* PROMPT *
When you reach a picture, pass over it; otherwise repeat the listing word for word.

____ DATASET EXCERPT

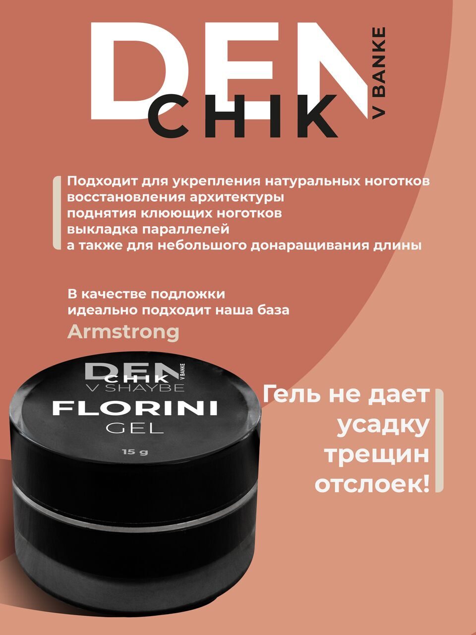 The Florini Gel series by Denchik_v_banke features 8 elegant builder gels with a translucent base, delicate shimmer, and decorative flakes in various shades. This formula is perfect for strengthening natural nails, restoring architecture, lifting downward-growing nails, and small extensions up to 2mm. The medium-thick consistency ensures smooth application without running, shrinkage, or lifting, making it suitable for both beginners and professionals. Works perfectly over Armstrong Rubber Base.
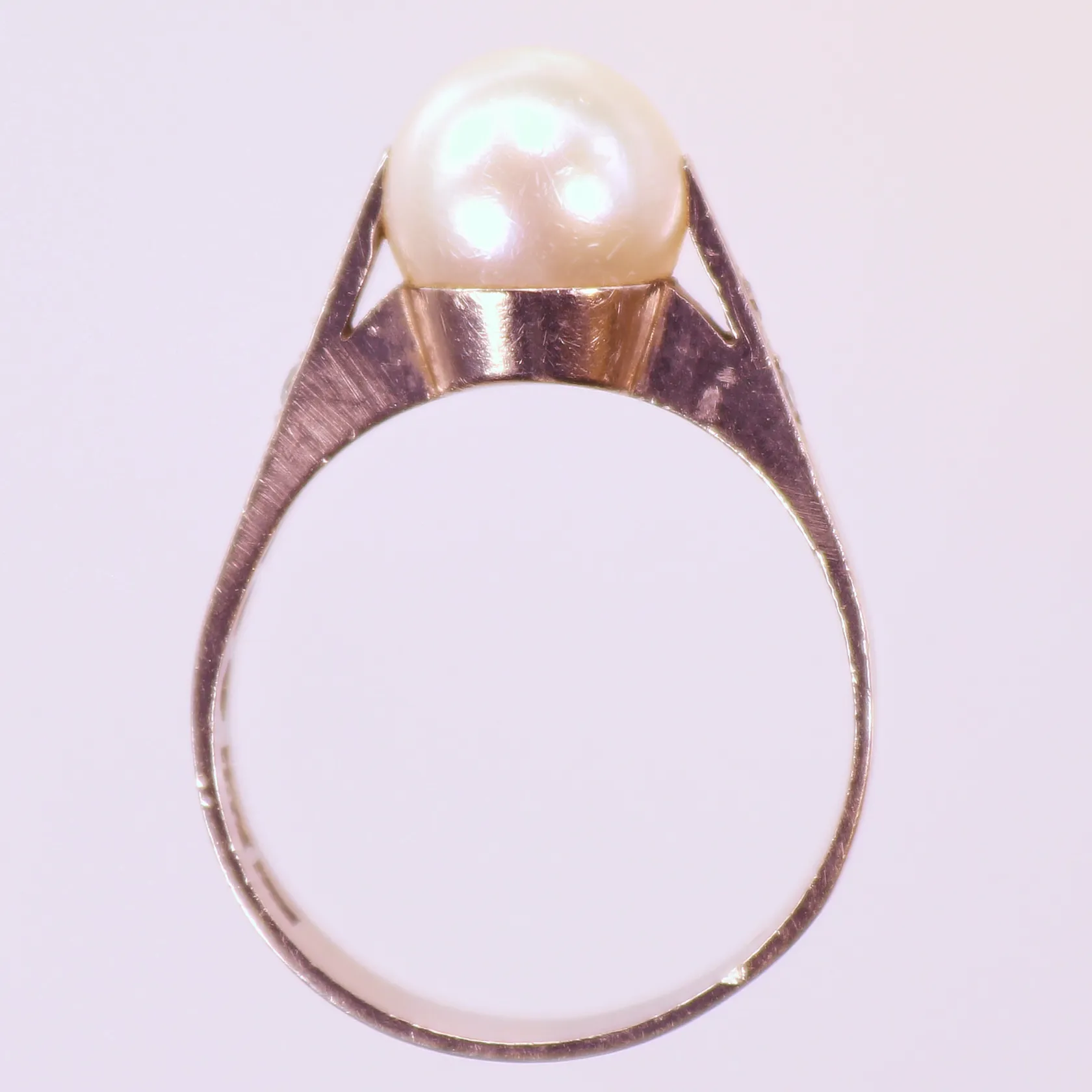 Ring med pärla och 4 diamanter ca 0,03ct totalt, stl 17¾, bredd 4mm, vitguld, repig, 18K, bruttovikt 4,8g Vikt: 4,8 g.
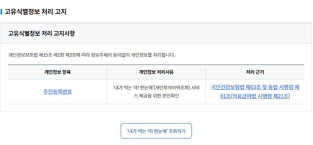 내가 먹는 약! 한눈에 서비스란? 병원.약국에 방문하여 조제 받은 최근 1년간의 의약품 투약내역 및 개인별 의약품 알러지·부작용 정보 등을 확인할 수 있는 서비스입니다.(조회일 기준) 조회내
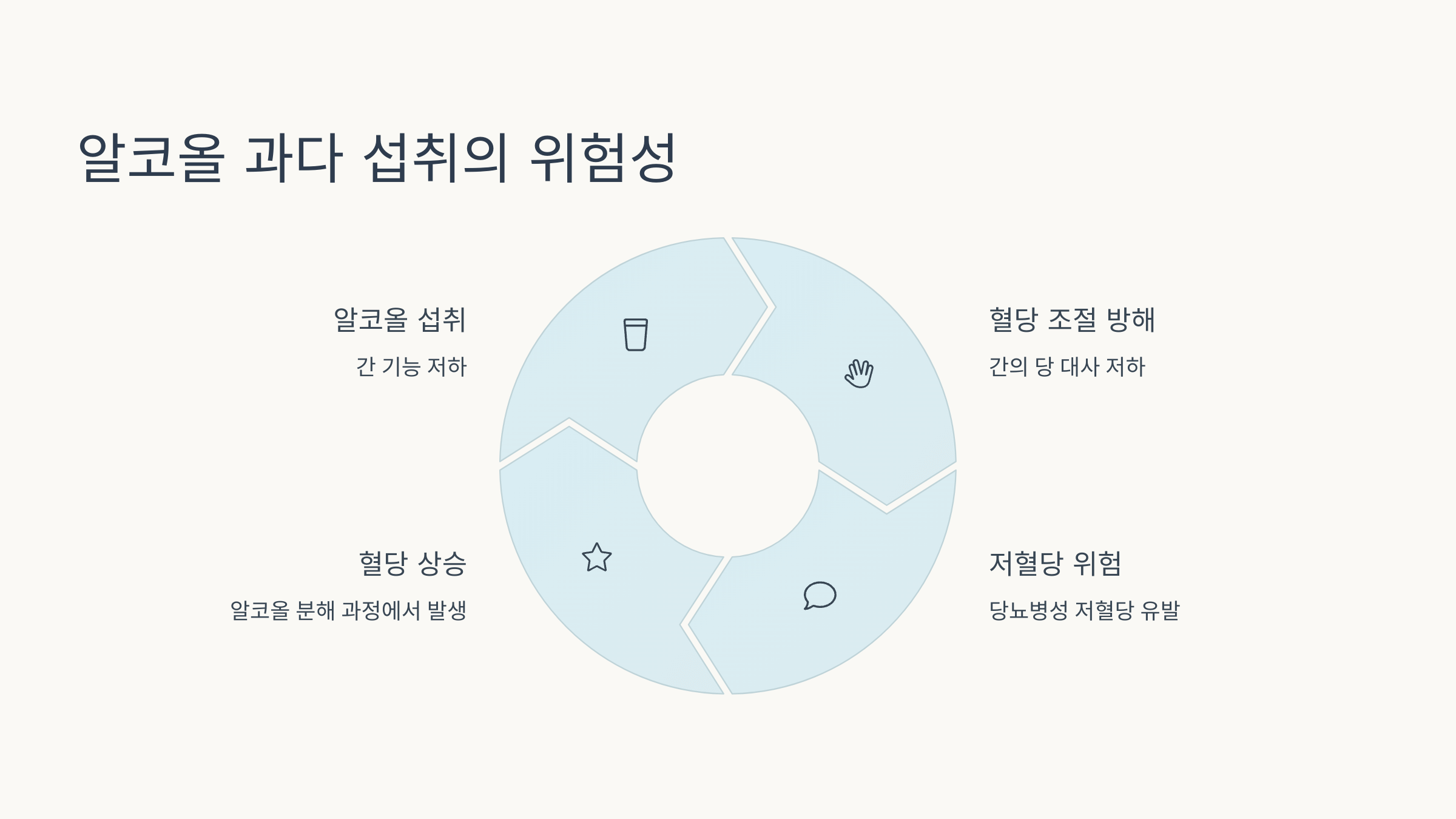 저혈당 또는 고혈당을 유발할 수 있어요. 특히 공복 음주는 위험합니다.

________

* SOLUTION TO THIS EXERCISE *
 The Florini Gel series by Denchik_v_banke features 8 elegant builder gels with a translucent base, delicate shimmer, and decorative flakes in various shades. This formula is perfect for strengthening natural nails, restoring architecture, lifting downward-growing nails, and small extensions up to 2mm. The medium-thick consistency ensures smooth application without running, shrinkage, or lifting, making it suitable for both beginners and professionals. Works perfectly over Armstrong Rubber Base.
 Ring med pärla och 4 diamanter ca 0,03ct totalt, stl 17¾, bredd 4mm, vitguld, repig, 18K, bruttovikt 4,8g Vikt: 4,8 g.
 내가 먹는 약! 한눈에 서비스란? 병원.약국에 방문하여 조제 받은 최근 1년간의 의약품 투약내역 및 개인별 의약품 알러지·부작용 정보 등을 확인할 수 있는 서비스입니다.(조회일 기준) 조회내
 저혈당 또는 고혈당을 유발할 수 있어요. 특히 공복 음주는 위험합니다.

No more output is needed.